Problem to solve:
Your copy should match the records below exactly, except for the pictures.

-------- Data to use

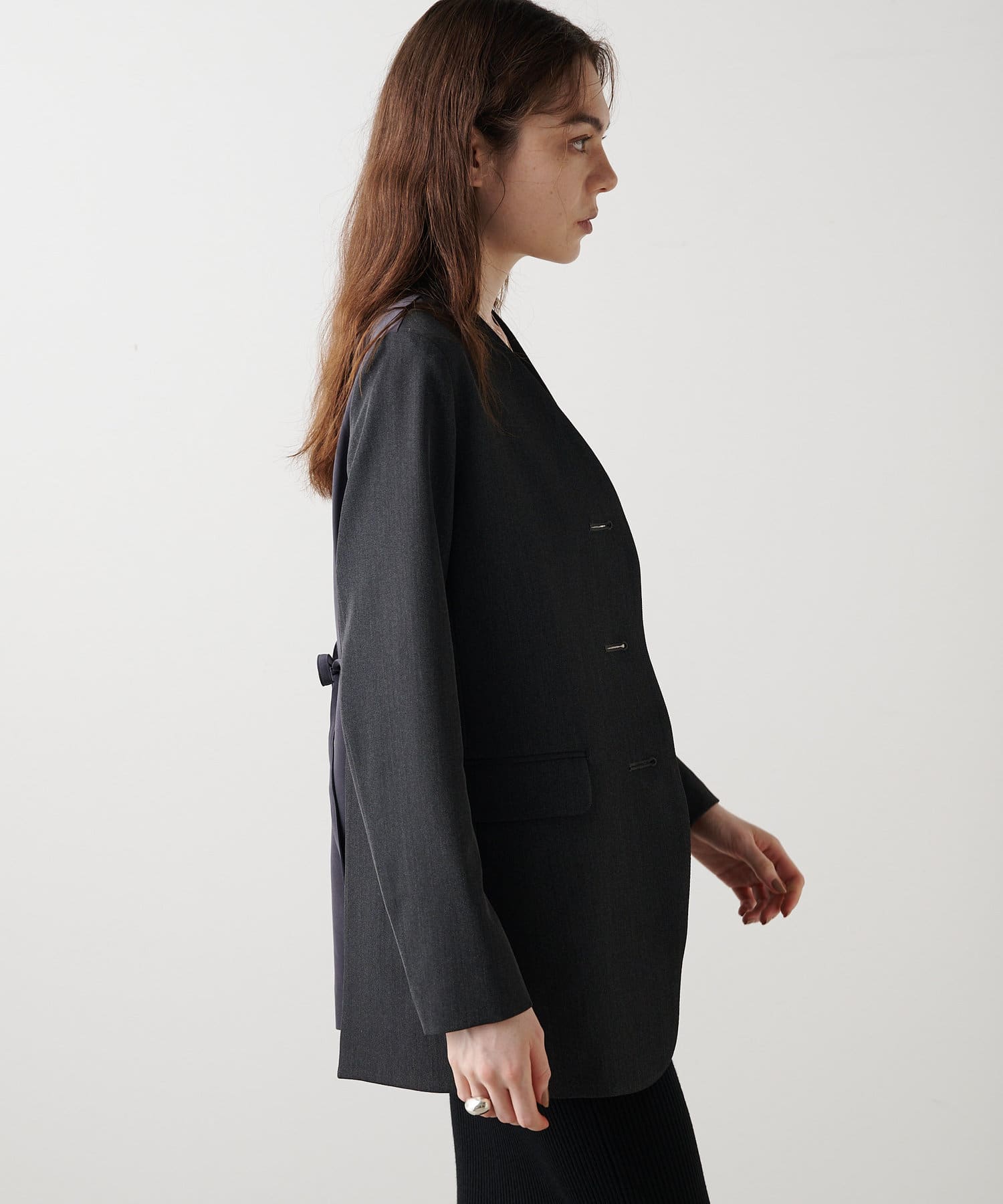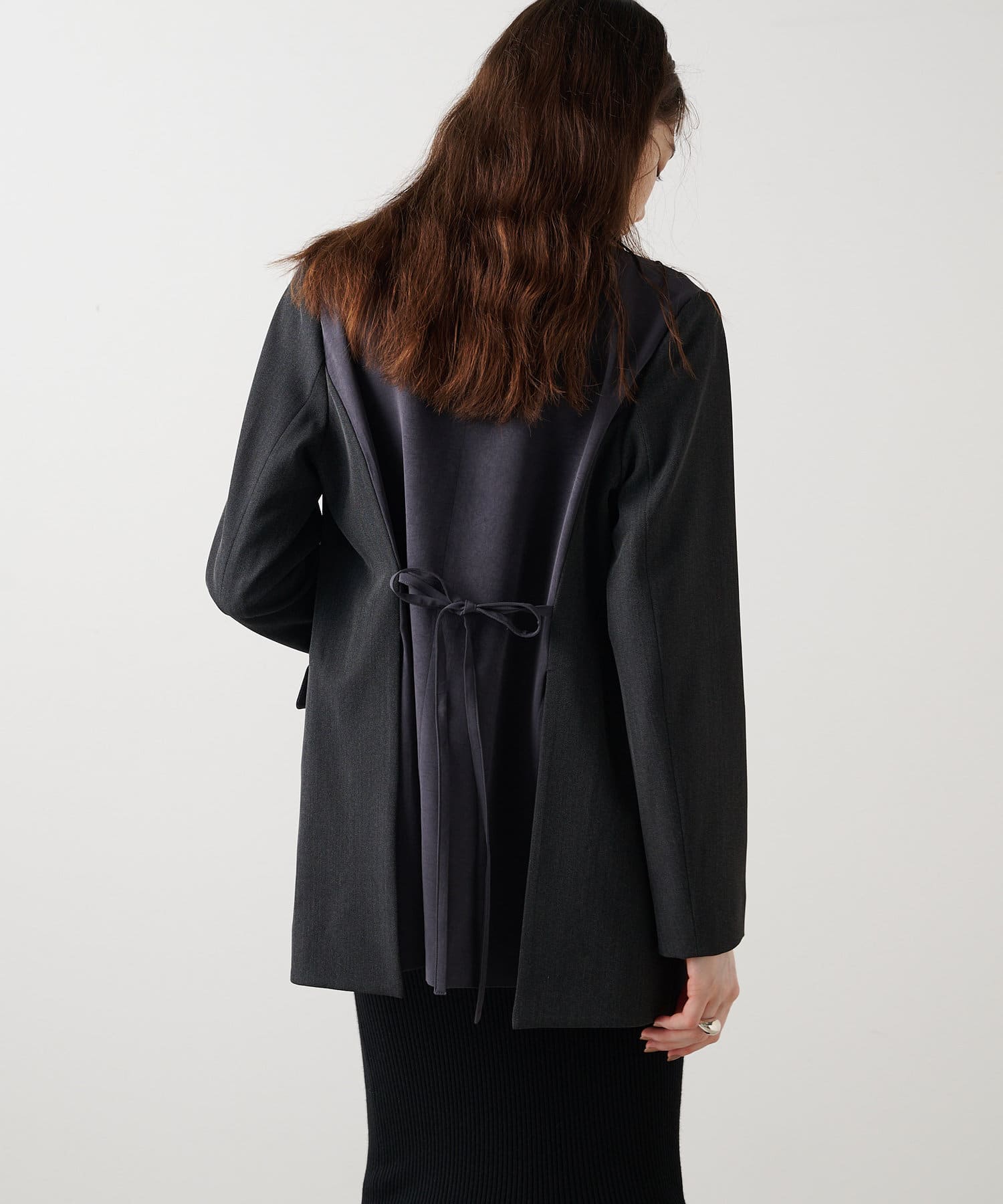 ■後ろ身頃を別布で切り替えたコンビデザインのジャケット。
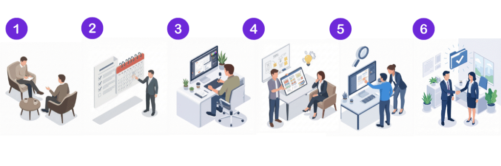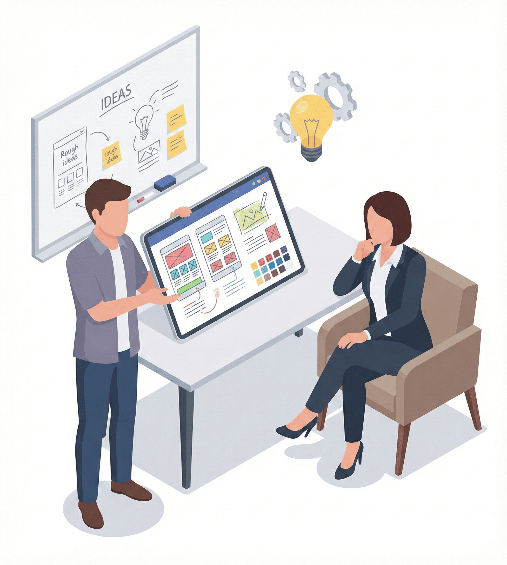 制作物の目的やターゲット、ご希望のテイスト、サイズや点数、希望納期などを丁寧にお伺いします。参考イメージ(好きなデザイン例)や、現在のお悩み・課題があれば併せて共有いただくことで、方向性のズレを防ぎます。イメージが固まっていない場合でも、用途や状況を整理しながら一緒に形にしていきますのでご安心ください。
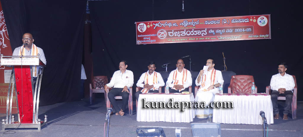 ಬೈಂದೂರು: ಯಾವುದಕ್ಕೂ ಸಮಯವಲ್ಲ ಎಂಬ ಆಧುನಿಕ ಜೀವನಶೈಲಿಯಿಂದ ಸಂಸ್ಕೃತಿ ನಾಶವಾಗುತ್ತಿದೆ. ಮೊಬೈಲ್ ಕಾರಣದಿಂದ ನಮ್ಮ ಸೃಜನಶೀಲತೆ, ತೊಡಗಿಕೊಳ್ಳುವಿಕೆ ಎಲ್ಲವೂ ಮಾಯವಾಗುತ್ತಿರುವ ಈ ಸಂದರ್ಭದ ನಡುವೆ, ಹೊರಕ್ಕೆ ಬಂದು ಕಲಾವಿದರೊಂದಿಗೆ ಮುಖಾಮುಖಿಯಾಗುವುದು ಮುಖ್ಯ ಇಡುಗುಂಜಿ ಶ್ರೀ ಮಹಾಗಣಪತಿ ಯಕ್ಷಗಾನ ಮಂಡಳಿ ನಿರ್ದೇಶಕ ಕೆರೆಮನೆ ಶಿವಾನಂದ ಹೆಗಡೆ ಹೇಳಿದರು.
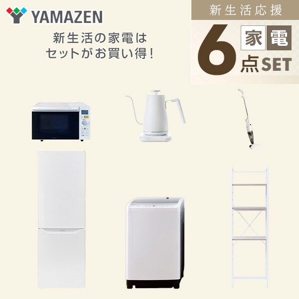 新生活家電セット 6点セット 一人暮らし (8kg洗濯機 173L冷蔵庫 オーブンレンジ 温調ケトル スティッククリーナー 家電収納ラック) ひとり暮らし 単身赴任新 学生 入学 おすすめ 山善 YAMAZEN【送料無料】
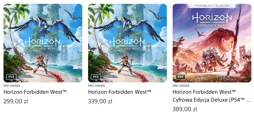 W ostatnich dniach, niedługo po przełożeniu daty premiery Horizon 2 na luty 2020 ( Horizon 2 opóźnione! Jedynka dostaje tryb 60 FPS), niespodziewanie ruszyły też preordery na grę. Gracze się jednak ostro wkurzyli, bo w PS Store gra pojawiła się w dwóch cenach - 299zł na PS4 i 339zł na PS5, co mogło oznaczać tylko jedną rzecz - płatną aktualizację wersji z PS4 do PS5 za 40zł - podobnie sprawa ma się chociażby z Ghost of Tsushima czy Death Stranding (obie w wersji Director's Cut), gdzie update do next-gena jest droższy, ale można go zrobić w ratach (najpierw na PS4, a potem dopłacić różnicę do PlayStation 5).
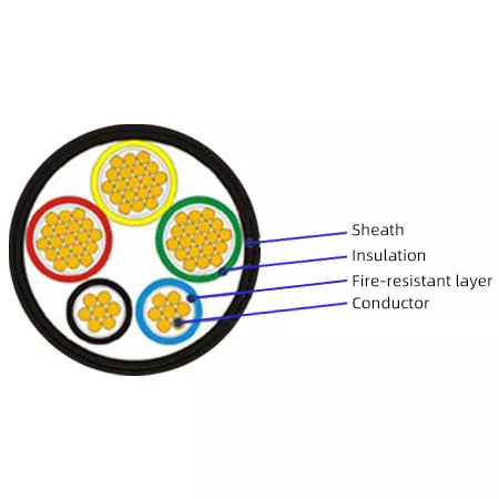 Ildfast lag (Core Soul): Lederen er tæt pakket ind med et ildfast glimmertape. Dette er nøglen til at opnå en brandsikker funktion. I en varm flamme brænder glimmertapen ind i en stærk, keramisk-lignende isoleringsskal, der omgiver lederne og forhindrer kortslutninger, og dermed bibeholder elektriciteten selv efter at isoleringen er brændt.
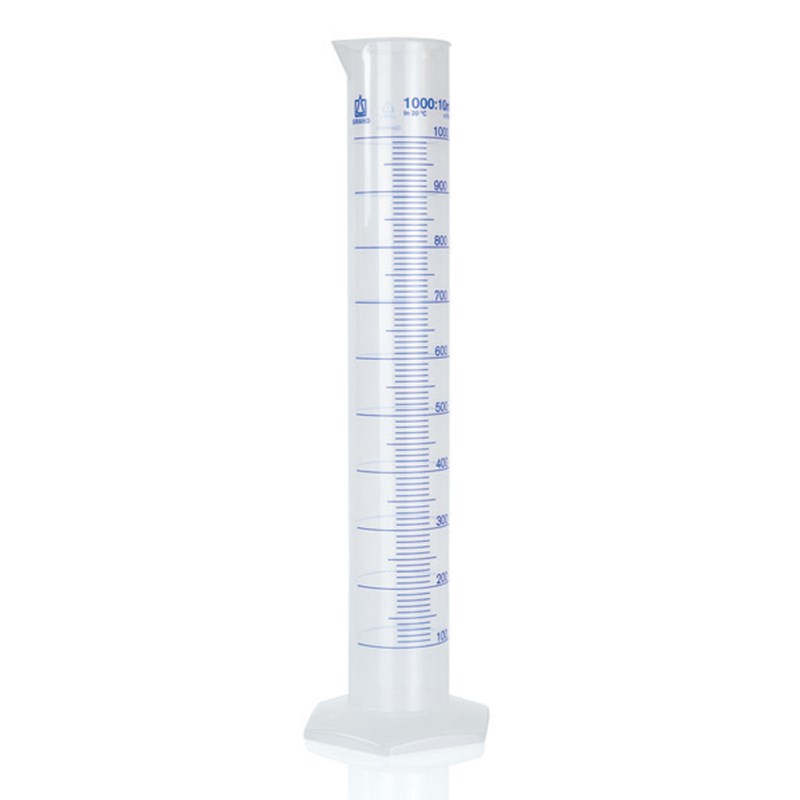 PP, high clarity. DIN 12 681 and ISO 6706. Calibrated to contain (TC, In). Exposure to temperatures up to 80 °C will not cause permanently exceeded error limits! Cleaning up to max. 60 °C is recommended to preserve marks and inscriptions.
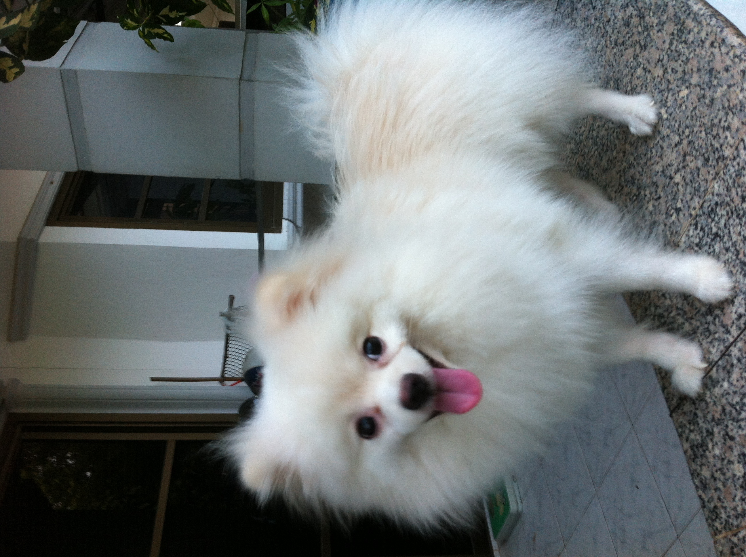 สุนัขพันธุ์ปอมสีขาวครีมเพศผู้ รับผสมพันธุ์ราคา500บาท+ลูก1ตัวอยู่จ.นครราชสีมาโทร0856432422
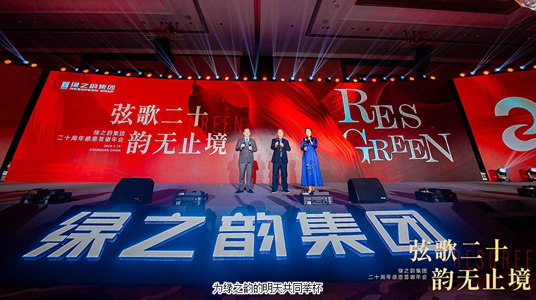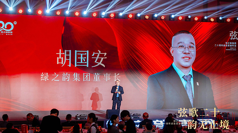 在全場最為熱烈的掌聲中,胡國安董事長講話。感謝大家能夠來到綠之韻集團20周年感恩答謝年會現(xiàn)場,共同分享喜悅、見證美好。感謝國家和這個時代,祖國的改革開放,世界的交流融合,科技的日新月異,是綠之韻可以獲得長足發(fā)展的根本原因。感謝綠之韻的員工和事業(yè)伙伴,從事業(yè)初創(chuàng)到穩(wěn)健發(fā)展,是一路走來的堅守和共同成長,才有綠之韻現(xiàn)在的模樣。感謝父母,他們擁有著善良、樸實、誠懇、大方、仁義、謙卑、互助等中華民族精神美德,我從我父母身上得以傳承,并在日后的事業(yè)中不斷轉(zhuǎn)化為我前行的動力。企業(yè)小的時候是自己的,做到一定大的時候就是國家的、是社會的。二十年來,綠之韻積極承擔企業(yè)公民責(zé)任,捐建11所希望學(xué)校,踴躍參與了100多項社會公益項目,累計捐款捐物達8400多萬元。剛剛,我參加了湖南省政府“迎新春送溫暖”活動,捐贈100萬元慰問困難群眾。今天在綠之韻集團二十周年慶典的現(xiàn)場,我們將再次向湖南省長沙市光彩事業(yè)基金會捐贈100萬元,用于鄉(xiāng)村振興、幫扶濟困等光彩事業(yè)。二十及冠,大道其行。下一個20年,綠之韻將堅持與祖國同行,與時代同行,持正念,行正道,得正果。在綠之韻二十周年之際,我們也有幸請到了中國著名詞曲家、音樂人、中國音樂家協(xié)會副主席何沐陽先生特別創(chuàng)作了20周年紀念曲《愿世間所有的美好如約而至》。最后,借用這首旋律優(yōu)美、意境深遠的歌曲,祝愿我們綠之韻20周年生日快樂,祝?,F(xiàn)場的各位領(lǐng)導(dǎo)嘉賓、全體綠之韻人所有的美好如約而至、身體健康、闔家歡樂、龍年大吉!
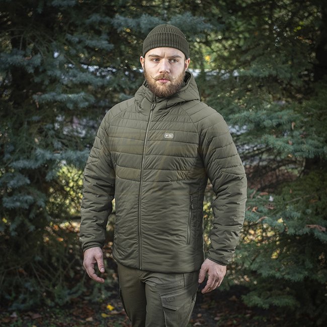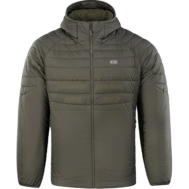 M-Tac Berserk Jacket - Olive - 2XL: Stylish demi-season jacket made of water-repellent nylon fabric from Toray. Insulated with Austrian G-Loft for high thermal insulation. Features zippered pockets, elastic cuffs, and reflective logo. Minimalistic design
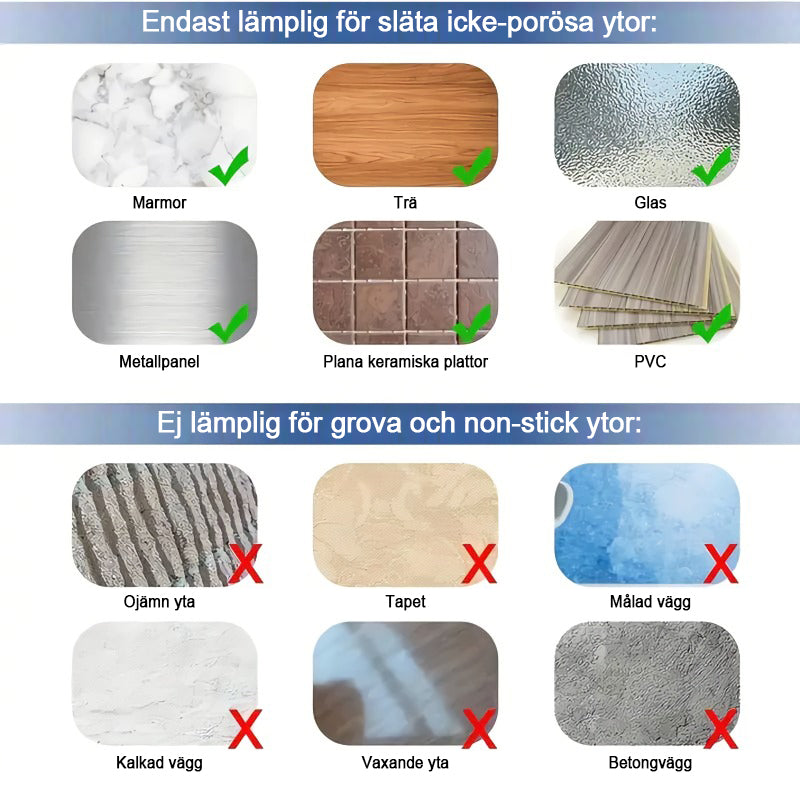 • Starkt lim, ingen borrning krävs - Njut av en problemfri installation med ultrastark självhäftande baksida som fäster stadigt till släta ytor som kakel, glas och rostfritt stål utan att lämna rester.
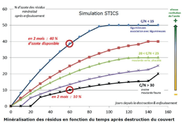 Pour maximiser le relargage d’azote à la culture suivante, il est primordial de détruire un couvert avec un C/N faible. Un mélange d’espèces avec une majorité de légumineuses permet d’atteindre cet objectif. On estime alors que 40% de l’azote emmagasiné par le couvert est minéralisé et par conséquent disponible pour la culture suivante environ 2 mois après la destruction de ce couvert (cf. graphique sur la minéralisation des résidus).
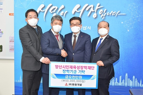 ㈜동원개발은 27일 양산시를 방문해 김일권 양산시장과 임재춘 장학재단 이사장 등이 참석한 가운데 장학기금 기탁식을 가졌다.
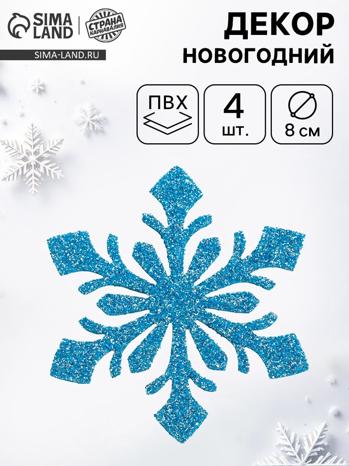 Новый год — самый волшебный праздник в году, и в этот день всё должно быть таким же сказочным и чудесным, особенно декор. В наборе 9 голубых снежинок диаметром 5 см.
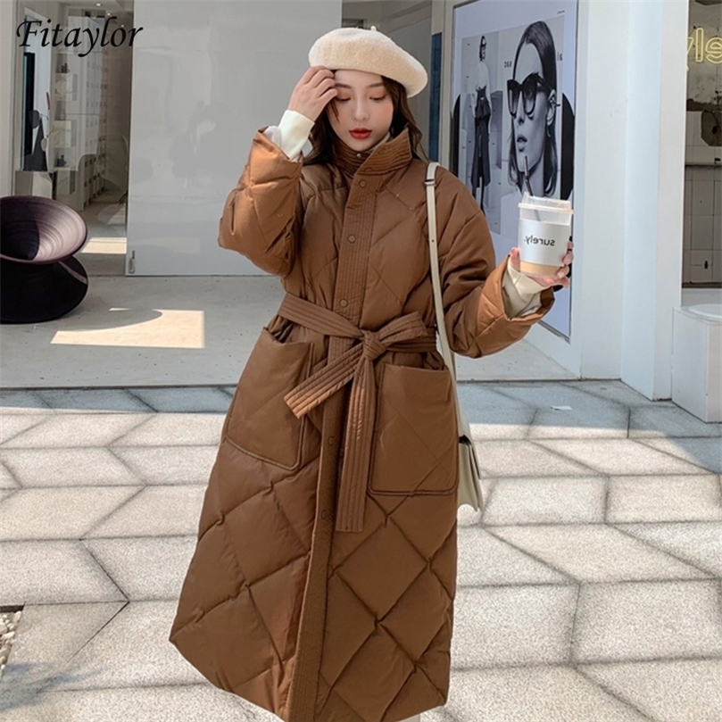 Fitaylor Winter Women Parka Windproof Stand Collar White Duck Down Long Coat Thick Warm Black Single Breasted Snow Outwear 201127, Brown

----------------

Answer box:
 ■後ろ身頃を別布で切り替えたコンビデザインのジャケット。
 制作物の目的やターゲット、ご希望のテイスト、サイズや点数、希望納期などを丁寧にお伺いします。参考イメージ(好きなデザイン例)や、現在のお悩み・課題があれば併せて共有いただくことで、方向性のズレを防ぎます。イメージが固まっていない場合でも、用途や状況を整理しながら一緒に形にしていきますのでご安心ください。
 ಬೈಂದೂರು: ಯಾವುದಕ್ಕೂ ಸಮಯವಲ್ಲ ಎಂಬ ಆಧುನಿಕ ಜೀವನಶೈಲಿಯಿಂದ ಸಂಸ್ಕೃತಿ ನಾಶವಾಗುತ್ತಿದೆ. ಮೊಬೈಲ್ ಕಾರಣದಿಂದ ನಮ್ಮ ಸೃಜನಶೀಲತೆ, ತೊಡಗಿಕೊಳ್ಳುವಿಕೆ ಎಲ್ಲವೂ ಮಾಯವಾಗುತ್ತಿರುವ ಈ ಸಂದರ್ಭದ ನಡುವೆ, ಹೊರಕ್ಕೆ ಬಂದು ಕಲಾವಿದರೊಂದಿಗೆ ಮುಖಾಮುಖಿಯಾಗುವುದು ಮುಖ್ಯ ಇಡುಗುಂಜಿ ಶ್ರೀ ಮಹಾಗಣಪತಿ ಯಕ್ಷಗಾನ ಮಂಡಳಿ ನಿರ್ದೇಶಕ ಕೆರೆಮನೆ ಶಿವಾನಂದ ಹೆಗಡೆ ಹೇಳಿದರು.
 新生活家電セット 6点セット 一人暮らし (8kg洗濯機 173L冷蔵庫 オーブンレンジ 温調ケトル スティッククリーナー 家電収納ラック) ひとり暮らし 単身赴任新 学生 入学 おすすめ 山善 YAMAZEN【送料無料】
 W ostatnich dniach, niedługo po przełożeniu daty premiery Horizon 2 na luty 2020 ( Horizon 2 opóźnione! Jedynka dostaje tryb 60 FPS), niespodziewanie ruszyły też preordery na grę. Gracze się jednak ostro wkurzyli, bo w PS Store gra pojawiła się w dwóch cenach - 299zł na PS4 i 339zł na PS5, co mogło oznaczać tylko jedną rzecz - płatną aktualizację wersji z PS4 do PS5 za 40zł - podobnie sprawa ma się chociażby z Ghost of Tsushima czy Death Stranding (obie w wersji Director's Cut), gdzie update do next-gena jest droższy, ale można go zrobić w ratach (najpierw na PS4, a potem dopłacić różnicę do PlayStation 5).
 Ildfast lag (Core Soul): Lederen er tæt pakket ind med et ildfast glimmertape. Dette er nøglen til at opnå en brandsikker funktion. I en varm flamme brænder glimmertapen ind i en stærk, keramisk-lignende isoleringsskal, der omgiver lederne og forhindrer kortslutninger, og dermed bibeholder elektriciteten selv efter at isoleringen er brændt.
 PP, high clarity. DIN 12 681 and ISO 6706. Calibrated to contain (TC, In). Exposure to temperatures up to 80 °C will not cause permanently exceeded error limits! Cleaning up to max. 60 °C is recommended to preserve marks and inscriptions.
 สุนัขพันธุ์ปอมสีขาวครีมเพศผู้ รับผสมพันธุ์ราคา500บาท+ลูก1ตัวอยู่จ.นครราชสีมาโทร0856432422
 在全場最為熱烈的掌聲中,胡國安董事長講話。感謝大家能夠來到綠之韻集團20周年感恩答謝年會現(xiàn)場,共同分享喜悅、見證美好。感謝國家和這個時代,祖國的改革開放,世界的交流融合,科技的日新月異,是綠之韻可以獲得長足發(fā)展的根本原因。感謝綠之韻的員工和事業(yè)伙伴,從事業(yè)初創(chuàng)到穩(wěn)健發(fā)展,是一路走來的堅守和共同成長,才有綠之韻現(xiàn)在的模樣。感謝父母,他們擁有著善良、樸實、誠懇、大方、仁義、謙卑、互助等中華民族精神美德,我從我父母身上得以傳承,并在日后的事業(yè)中不斷轉(zhuǎn)化為我前行的動力。企業(yè)小的時候是自己的,做到一定大的時候就是國家的、是社會的。二十年來,綠之韻積極承擔企業(yè)公民責(zé)任,捐建11所希望學(xué)校,踴躍參與了100多項社會公益項目,累計捐款捐物達8400多萬元。剛剛,我參加了湖南省政府“迎新春送溫暖”活動,捐贈100萬元慰問困難群眾。今天在綠之韻集團二十周年慶典的現(xiàn)場,我們將再次向湖南省長沙市光彩事業(yè)基金會捐贈100萬元,用于鄉(xiāng)村振興、幫扶濟困等光彩事業(yè)。二十及冠,大道其行。下一個20年,綠之韻將堅持與祖國同行,與時代同行,持正念,行正道,得正果。在綠之韻二十周年之際,我們也有幸請到了中國著名詞曲家、音樂人、中國音樂家協(xié)會副主席何沐陽先生特別創(chuàng)作了20周年紀念曲《愿世間所有的美好如約而至》。最后,借用這首旋律優(yōu)美、意境深遠的歌曲,祝愿我們綠之韻20周年生日快樂,祝?,F(xiàn)場的各位領(lǐng)導(dǎo)嘉賓、全體綠之韻人所有的美好如約而至、身體健康、闔家歡樂、龍年大吉!
 M-Tac Berserk Jacket - Olive - 2XL: Stylish demi-season jacket made of water-repellent nylon fabric from Toray. Insulated with Austrian G-Loft for high thermal insulation. Features zippered pockets, elastic cuffs, and reflective logo. Minimalistic design
 • Starkt lim, ingen borrning krävs - Njut av en problemfri installation med ultrastark självhäftande baksida som fäster stadigt till släta ytor som kakel, glas och rostfritt stål utan att lämna rester.
 Pour maximiser le relargage d’azote à la culture suivante, il est primordial de détruire un couvert avec un C/N faible. Un mélange d’espèces avec une majorité de légumineuses permet d’atteindre cet objectif. On estime alors que 40% de l’azote emmagasiné par le couvert est minéralisé et par conséquent disponible pour la culture suivante environ 2 mois après la destruction de ce couvert (cf. graphique sur la minéralisation des résidus).
 ㈜동원개발은 27일 양산시를 방문해 김일권 양산시장과 임재춘 장학재단 이사장 등이 참석한 가운데 장학기금 기탁식을 가졌다.
 Новый год — самый волшебный праздник в году, и в этот день всё должно быть таким же сказочным и чудесным, особенно декор. В наборе 9 голубых снежинок диаметром 5 см.
 Fitaylor Winter Women Parka Windproof Stand Collar White Duck Down Long Coat Thick Warm Black Single Breasted Snow Outwear 201127, Brown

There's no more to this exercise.